# Given records:

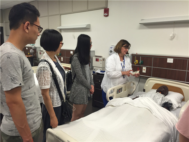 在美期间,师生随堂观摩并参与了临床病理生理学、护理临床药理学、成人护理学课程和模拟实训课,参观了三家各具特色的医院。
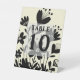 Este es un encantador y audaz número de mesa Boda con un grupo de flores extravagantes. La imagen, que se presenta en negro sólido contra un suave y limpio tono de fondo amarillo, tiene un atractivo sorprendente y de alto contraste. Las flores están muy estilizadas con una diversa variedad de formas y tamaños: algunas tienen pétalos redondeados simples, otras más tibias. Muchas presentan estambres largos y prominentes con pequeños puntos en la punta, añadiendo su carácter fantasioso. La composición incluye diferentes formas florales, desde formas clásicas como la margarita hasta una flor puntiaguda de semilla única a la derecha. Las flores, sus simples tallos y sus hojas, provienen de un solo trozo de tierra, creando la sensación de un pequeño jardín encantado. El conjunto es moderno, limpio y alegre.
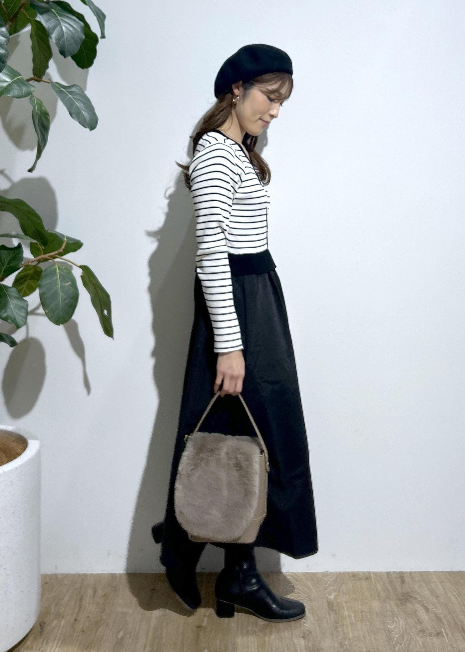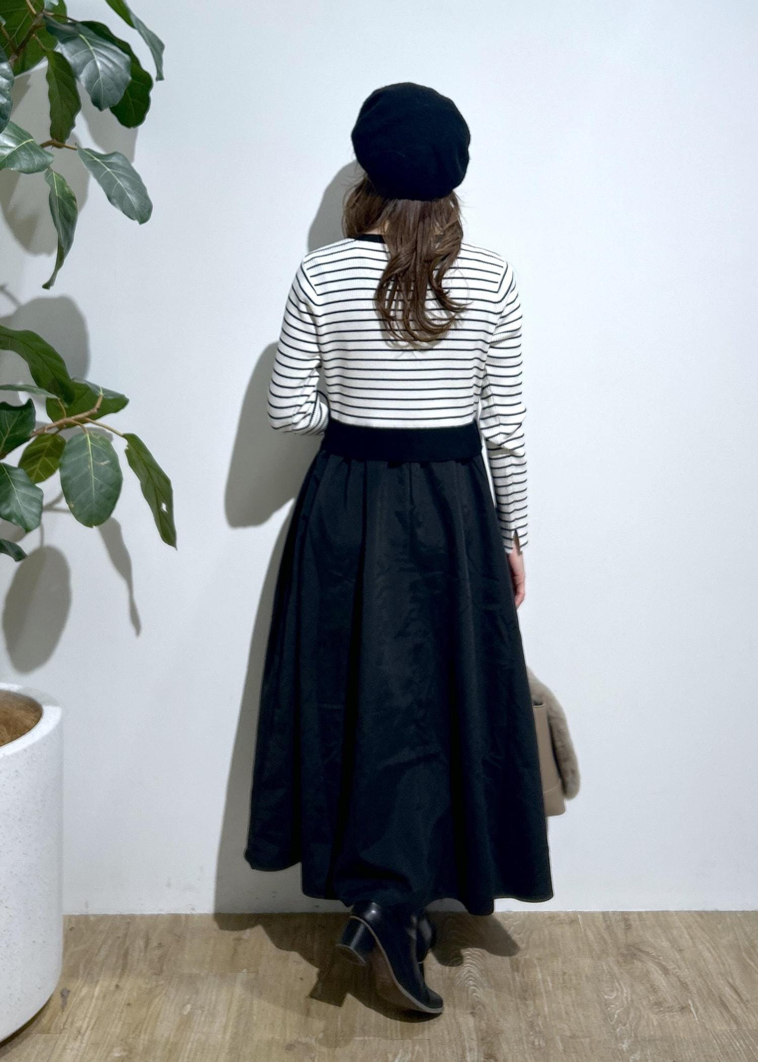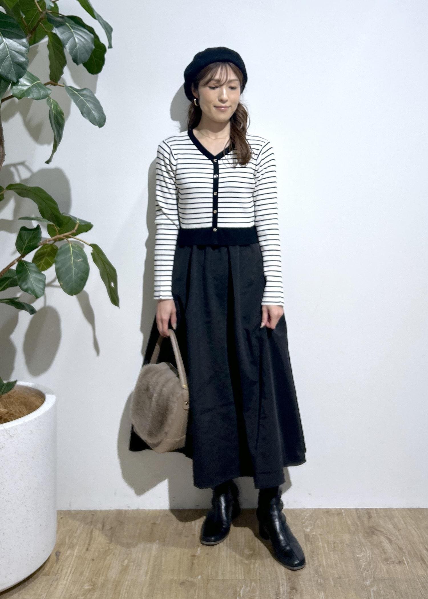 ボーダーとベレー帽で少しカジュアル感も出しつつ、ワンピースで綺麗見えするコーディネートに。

...

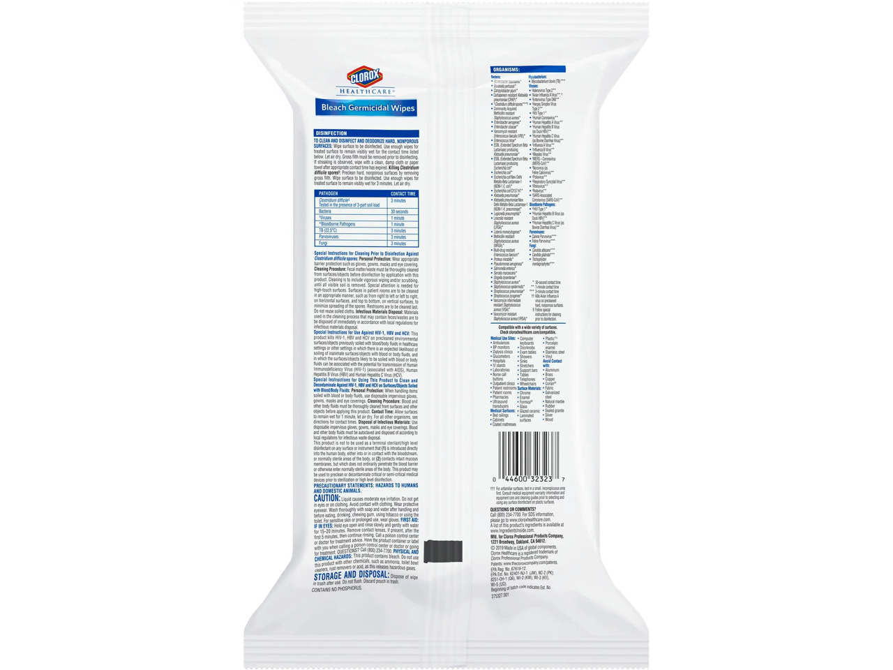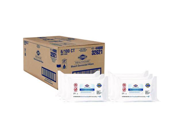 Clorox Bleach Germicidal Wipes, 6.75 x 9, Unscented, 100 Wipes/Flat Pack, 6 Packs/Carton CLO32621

# Your objective:
Range to copy from the listing above: the line containing "Este es un encantador" down to the line containing "ボーダーとベレー帽で少しカジ", both included. Reproduce it exactly, minus the pictures, and add nothing.

# The answer:
 Este es un encantador y audaz número de mesa Boda con un grupo de flores extravagantes. La imagen, que se presenta en negro sólido contra un suave y limpio tono de fondo amarillo, tiene un atractivo sorprendente y de alto contraste. Las flores están muy estilizadas con una diversa variedad de formas y tamaños: algunas tienen pétalos redondeados simples, otras más tibias. Muchas presentan estambres largos y prominentes con pequeños puntos en la punta, añadiendo su carácter fantasioso. La composición incluye diferentes formas florales, desde formas clásicas como la margarita hasta una flor puntiaguda de semilla única a la derecha. Las flores, sus simples tallos y sus hojas, provienen de un solo trozo de tierra, creando la sensación de un pequeño jardín encantado. El conjunto es moderno, limpio y alegre.
 ボーダーとベレー帽で少しカジュアル感も出しつつ、ワンピースで綺麗見えするコーディネートに。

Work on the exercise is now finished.